Plaque rupture leads to exposure of blood with the necrotic core that is rich with erythrocytes and highly thrombogenic material leading to clot formation. Plaque rupture represents the most common cause for occurrence of thrombosis (Bentzon et al, 2014). This might be associated with acute coronary syndromes and myocardial infarction. The occlusive and sustained thrombosis often accompanies cases of ESTMI; however, in non- ESTMI, the thrombus is often dynamic and does not clog the vessel or is even absent (Davies, 2000). 

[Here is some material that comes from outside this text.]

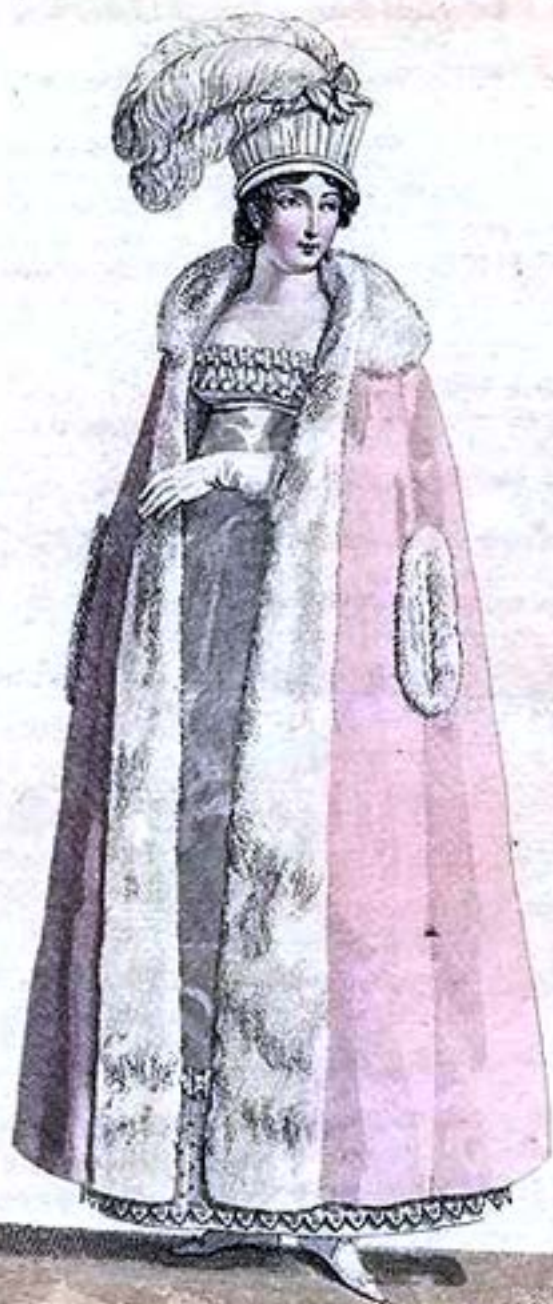
Coque de Velours. Pelisse de Velours épinglé.

Classification of Myocardial Infarction

There are generally two MI categories; MI with elevation or non-elevation of ST-segment in electrocardiogram (ECG) known as STEMI and STEMI respectively. This classification is usually adopted for patients with chest ischemic manifestations in order to sake immediate management including reperfusion therapy. However, there is another classification made according to international consensus into 5 categories (Thygesen et al, 2018). These include the followings:

Type 1 “spontaneous MI”

This type MI is associated with atherosclerotic plaque disruption such as rupture, erosion, fissuring or dissection (Fig. 2). It may be complicated by intraluminal thrombosis and distal emboli. There may also be intraplaque hemorrhage through surface disruption of plaque cap (Falk et al, 2013; Bentzon et al, 2014).

Figure 2: Diagrams showing coronary plaque rupture and thrombosis “type 1 MI”.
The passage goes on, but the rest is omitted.